Automatic grading of meningiomas using deep-learning technology has been reported in previous research [
22,
23,
24,
25]. We introduced the second deep-learning model with the classic DenseNet architecture in the third module, which was proposed as an excellent network for classification tasks in medical image datasets. DenseNet architecture was highlighted for the design of a dense block, in which each layer collected all feature maps from all preceding layers and passed on its own outputs as “collective knowledge” to all subsequent layers to preserve the feed-forward nature. It strengthens feature propagation, encourages feature reuse, and alleviates the vanishing-gradient problem [
15]. Our research suggested that the DenseNet architecture network exhibited excellent performance with an AUC of 0.996 and accuracy of 0.969 in the validation group when classifying the tumors into low-grade and high-grade meningiomas. It should be noted that the improvements in classification accuracy were significant when the inputs were segmented images rather than completed images. The segmentation eliminated redundant information unrelated to the tumor image and encouraged feature extraction to be conducive to classification. When this module was integrated with the previous two modules, an intelligent system with a cascade structure was established for meningioma assessment.
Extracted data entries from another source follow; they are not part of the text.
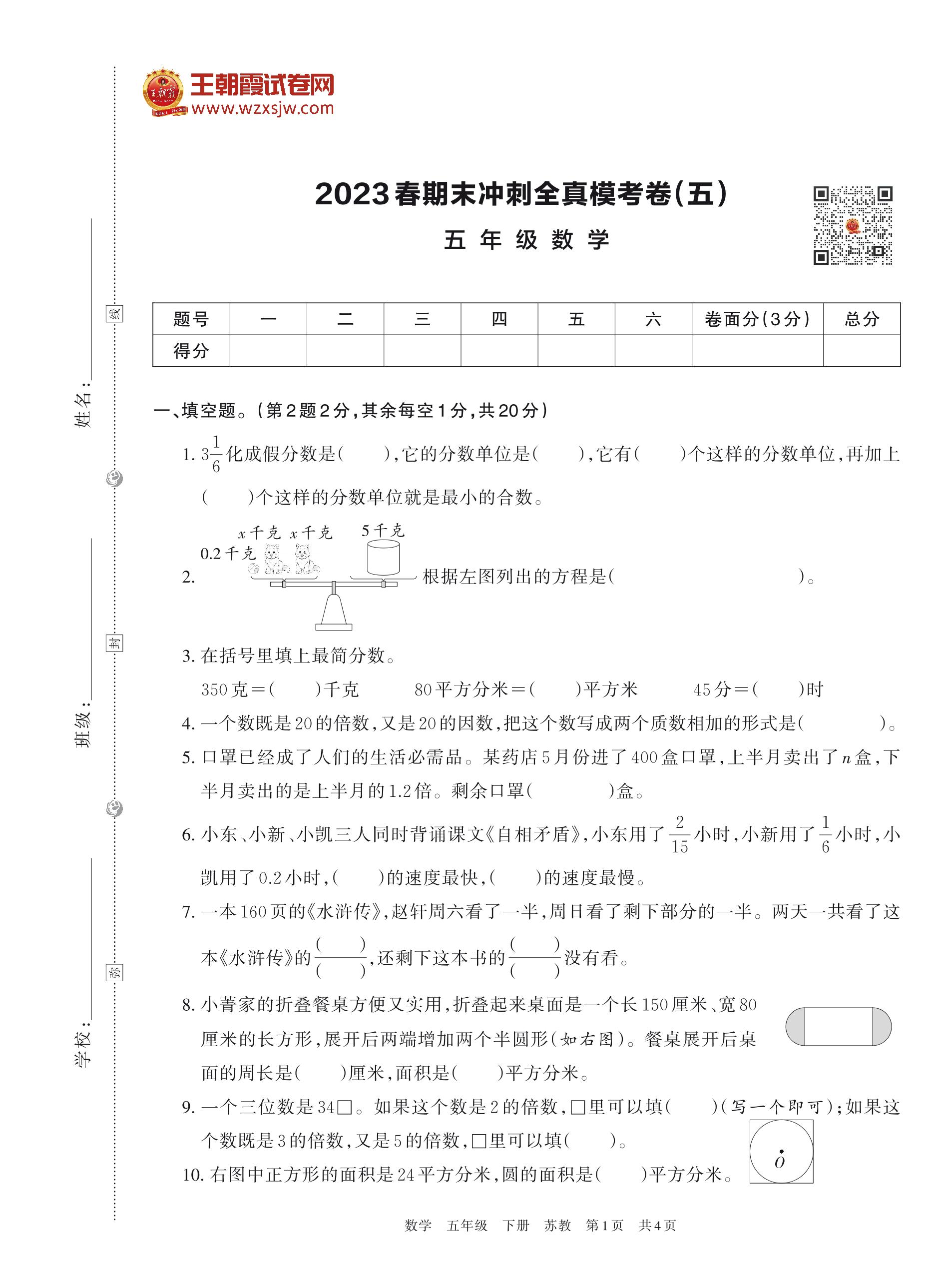2023春期末冲刺全真模考卷(五)五年级数学(苏教版)
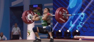 Със 108 кг в изхвърлянето 17-годишният българин премина световния стандарт и записа името си като първия световен рекордьор при по-младите. Русев стартира с успех със 103 кг, после се справи и със 108 кг, но при задържането на щангата до признаването на опита от съдиите получи болки и това принуди треньорския щаб да се откаже от трети опит за да не провокира по-тежка контузия и за да може да продължи и изтласкването. При трима съперници с „нули“, тези 108 кг наредиха Русев седми в първото движение, информираха от пресцентъра на МОК.
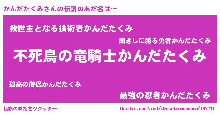 | 女子向けラノベタイトル風あだ名 | 『かんだたくみ姫と円卓の騎士』 |

The current study had several limitations. First, the system was built using deep-learning technology, but all patients were involved in the training set from a single institution. A large-scale multicenter study is required in the future. Second, the CNN architectures used in the research were all classic without too much modification, and we believe more novel network architectures should be explored in the future. Third, other intellectual tasks, such as brain cancer classification, should be integrated into the system in future research.